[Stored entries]
•••••
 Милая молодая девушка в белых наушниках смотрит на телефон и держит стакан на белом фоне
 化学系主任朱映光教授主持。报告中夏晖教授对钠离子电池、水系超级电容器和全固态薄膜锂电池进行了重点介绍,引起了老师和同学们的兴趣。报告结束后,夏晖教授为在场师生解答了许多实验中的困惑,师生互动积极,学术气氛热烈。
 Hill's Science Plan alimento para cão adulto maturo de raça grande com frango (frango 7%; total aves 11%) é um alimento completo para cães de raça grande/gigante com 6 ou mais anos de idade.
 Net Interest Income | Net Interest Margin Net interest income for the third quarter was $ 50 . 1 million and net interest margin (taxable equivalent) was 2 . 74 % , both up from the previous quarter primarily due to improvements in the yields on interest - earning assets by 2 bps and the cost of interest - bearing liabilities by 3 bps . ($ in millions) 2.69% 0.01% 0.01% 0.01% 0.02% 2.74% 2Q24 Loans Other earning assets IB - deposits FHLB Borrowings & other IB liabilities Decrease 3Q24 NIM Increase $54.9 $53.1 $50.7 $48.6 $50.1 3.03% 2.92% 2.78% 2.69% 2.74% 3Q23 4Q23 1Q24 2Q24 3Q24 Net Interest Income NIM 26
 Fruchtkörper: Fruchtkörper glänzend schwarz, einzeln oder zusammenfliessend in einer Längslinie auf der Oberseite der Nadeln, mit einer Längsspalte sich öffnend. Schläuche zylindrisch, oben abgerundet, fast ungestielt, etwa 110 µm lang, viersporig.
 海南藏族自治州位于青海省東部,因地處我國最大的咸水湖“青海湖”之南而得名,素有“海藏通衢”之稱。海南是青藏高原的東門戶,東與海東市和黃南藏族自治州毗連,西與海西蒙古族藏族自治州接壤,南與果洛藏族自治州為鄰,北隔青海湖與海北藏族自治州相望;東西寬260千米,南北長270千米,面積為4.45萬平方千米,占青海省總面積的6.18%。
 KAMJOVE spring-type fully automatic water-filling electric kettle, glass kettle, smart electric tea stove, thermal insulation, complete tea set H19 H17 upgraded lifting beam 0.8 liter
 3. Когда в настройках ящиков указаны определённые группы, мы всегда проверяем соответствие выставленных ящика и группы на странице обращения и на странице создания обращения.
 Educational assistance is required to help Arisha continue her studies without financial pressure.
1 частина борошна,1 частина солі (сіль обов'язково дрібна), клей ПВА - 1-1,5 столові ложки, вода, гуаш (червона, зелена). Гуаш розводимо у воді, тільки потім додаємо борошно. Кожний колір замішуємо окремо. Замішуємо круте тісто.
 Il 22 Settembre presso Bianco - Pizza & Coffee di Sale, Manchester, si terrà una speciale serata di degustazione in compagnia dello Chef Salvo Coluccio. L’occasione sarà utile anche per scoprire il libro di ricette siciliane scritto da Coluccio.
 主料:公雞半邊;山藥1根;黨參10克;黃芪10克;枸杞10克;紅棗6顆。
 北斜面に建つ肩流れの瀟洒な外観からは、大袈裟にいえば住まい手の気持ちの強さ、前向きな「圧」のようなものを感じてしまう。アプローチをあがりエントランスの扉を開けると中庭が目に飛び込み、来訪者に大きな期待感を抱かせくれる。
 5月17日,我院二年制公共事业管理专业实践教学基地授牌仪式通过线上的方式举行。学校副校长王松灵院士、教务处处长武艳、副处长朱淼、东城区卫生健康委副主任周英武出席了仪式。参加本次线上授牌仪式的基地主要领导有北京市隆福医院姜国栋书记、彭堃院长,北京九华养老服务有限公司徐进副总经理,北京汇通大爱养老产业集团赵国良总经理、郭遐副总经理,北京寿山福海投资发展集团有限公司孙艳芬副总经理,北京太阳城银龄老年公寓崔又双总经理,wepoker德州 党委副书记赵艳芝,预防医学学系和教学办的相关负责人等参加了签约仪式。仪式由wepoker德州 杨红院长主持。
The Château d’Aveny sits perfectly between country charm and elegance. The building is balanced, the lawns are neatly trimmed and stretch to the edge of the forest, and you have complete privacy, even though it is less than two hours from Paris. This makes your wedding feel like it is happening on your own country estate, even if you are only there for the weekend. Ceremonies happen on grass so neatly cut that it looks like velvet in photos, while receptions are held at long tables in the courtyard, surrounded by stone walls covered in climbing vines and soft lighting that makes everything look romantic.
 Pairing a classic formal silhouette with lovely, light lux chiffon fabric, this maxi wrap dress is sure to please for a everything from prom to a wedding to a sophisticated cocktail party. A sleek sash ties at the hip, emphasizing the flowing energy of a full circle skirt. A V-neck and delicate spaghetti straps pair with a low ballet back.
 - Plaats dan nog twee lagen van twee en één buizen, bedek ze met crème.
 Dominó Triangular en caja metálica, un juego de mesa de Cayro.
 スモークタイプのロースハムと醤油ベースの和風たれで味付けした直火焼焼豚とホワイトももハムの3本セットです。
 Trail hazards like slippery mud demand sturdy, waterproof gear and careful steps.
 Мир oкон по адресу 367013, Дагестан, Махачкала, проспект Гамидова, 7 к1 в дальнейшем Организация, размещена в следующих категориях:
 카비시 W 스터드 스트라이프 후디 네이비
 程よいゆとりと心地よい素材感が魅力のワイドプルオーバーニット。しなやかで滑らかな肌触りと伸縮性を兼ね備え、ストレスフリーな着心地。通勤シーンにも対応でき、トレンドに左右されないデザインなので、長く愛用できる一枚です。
•••••
* Task requirements
Repeat all the entries word for word.

* Your response
 Милая молодая девушка в белых наушниках смотрит на телефон и держит стакан на белом фоне
 化学系主任朱映光教授主持。报告中夏晖教授对钠离子电池、水系超级电容器和全固态薄膜锂电池进行了重点介绍,引起了老师和同学们的兴趣。报告结束后,夏晖教授为在场师生解答了许多实验中的困惑,师生互动积极,学术气氛热烈。
 Hill's Science Plan alimento para cão adulto maturo de raça grande com frango (frango 7%; total aves 11%) é um alimento completo para cães de raça grande/gigante com 6 ou mais anos de idade.
 Net Interest Income | Net Interest Margin Net interest income for the third quarter was $ 50 . 1 million and net interest margin (taxable equivalent) was 2 . 74 % , both up from the previous quarter primarily due to improvements in the yields on interest - earning assets by 2 bps and the cost of interest - bearing liabilities by 3 bps . ($ in millions) 2.69% 0.01% 0.01% 0.01% 0.02% 2.74% 2Q24 Loans Other earning assets IB - deposits FHLB Borrowings & other IB liabilities Decrease 3Q24 NIM Increase $54.9 $53.1 $50.7 $48.6 $50.1 3.03% 2.92% 2.78% 2.69% 2.74% 3Q23 4Q23 1Q24 2Q24 3Q24 Net Interest Income NIM 26
 Fruchtkörper: Fruchtkörper glänzend schwarz, einzeln oder zusammenfliessend in einer Längslinie auf der Oberseite der Nadeln, mit einer Längsspalte sich öffnend. Schläuche zylindrisch, oben abgerundet, fast ungestielt, etwa 110 µm lang, viersporig.
 海南藏族自治州位于青海省東部,因地處我國最大的咸水湖“青海湖”之南而得名,素有“海藏通衢”之稱。海南是青藏高原的東門戶,東與海東市和黃南藏族自治州毗連,西與海西蒙古族藏族自治州接壤,南與果洛藏族自治州為鄰,北隔青海湖與海北藏族自治州相望;東西寬260千米,南北長270千米,面積為4.45萬平方千米,占青海省總面積的6.18%。
 KAMJOVE spring-type fully automatic water-filling electric kettle, glass kettle, smart electric tea stove, thermal insulation, complete tea set H19 H17 upgraded lifting beam 0.8 liter
 3. Когда в настройках ящиков указаны определённые группы, мы всегда проверяем соответствие выставленных ящика и группы на странице обращения и на странице создания обращения.
 Educational assistance is required to help Arisha continue her studies without financial pressure.
1 частина борошна,1 частина солі (сіль обов'язково дрібна), клей ПВА - 1-1,5 столові ложки, вода, гуаш (червона, зелена). Гуаш розводимо у воді, тільки потім додаємо борошно. Кожний колір замішуємо окремо. Замішуємо круте тісто.
 Il 22 Settembre presso Bianco - Pizza & Coffee di Sale, Manchester, si terrà una speciale serata di degustazione in compagnia dello Chef Salvo Coluccio. L’occasione sarà utile anche per scoprire il libro di ricette siciliane scritto da Coluccio.
 主料:公雞半邊;山藥1根;黨參10克;黃芪10克;枸杞10克;紅棗6顆。
 北斜面に建つ肩流れの瀟洒な外観からは、大袈裟にいえば住まい手の気持ちの強さ、前向きな「圧」のようなものを感じてしまう。アプローチをあがりエントランスの扉を開けると中庭が目に飛び込み、来訪者に大きな期待感を抱かせくれる。
 5月17日,我院二年制公共事业管理专业实践教学基地授牌仪式通过线上的方式举行。学校副校长王松灵院士、教务处处长武艳、副处长朱淼、东城区卫生健康委副主任周英武出席了仪式。参加本次线上授牌仪式的基地主要领导有北京市隆福医院姜国栋书记、彭堃院长,北京九华养老服务有限公司徐进副总经理,北京汇通大爱养老产业集团赵国良总经理、郭遐副总经理,北京寿山福海投资发展集团有限公司孙艳芬副总经理,北京太阳城银龄老年公寓崔又双总经理,wepoker德州 党委副书记赵艳芝,预防医学学系和教学办的相关负责人等参加了签约仪式。仪式由wepoker德州 杨红院长主持。
The Château d’Aveny sits perfectly between country charm and elegance. The building is balanced, the lawns are neatly trimmed and stretch to the edge of the forest, and you have complete privacy, even though it is less than two hours from Paris. This makes your wedding feel like it is happening on your own country estate, even if you are only there for the weekend. Ceremonies happen on grass so neatly cut that it looks like velvet in photos, while receptions are held at long tables in the courtyard, surrounded by stone walls covered in climbing vines and soft lighting that makes everything look romantic.
 Pairing a classic formal silhouette with lovely, light lux chiffon fabric, this maxi wrap dress is sure to please for a everything from prom to a wedding to a sophisticated cocktail party. A sleek sash ties at the hip, emphasizing the flowing energy of a full circle skirt. A V-neck and delicate spaghetti straps pair with a low ballet back.
 - Plaats dan nog twee lagen van twee en één buizen, bedek ze met crème.
 Dominó Triangular en caja metálica, un juego de mesa de Cayro.
 スモークタイプのロースハムと醤油ベースの和風たれで味付けした直火焼焼豚とホワイトももハムの3本セットです。
 Trail hazards like slippery mud demand sturdy, waterproof gear and careful steps.
 Мир oкон по адресу 367013, Дагестан, Махачкала, проспект Гамидова, 7 к1 в дальнейшем Организация, размещена в следующих категориях:
 카비시 W 스터드 스트라이프 후디 네이비
 程よいゆとりと心地よい素材感が魅力のワイドプルオーバーニット。しなやかで滑らかな肌触りと伸縮性を兼ね備え、ストレスフリーな着心地。通勤シーンにも対応でき、トレンドに左右されないデザインなので、長く愛用できる一枚です。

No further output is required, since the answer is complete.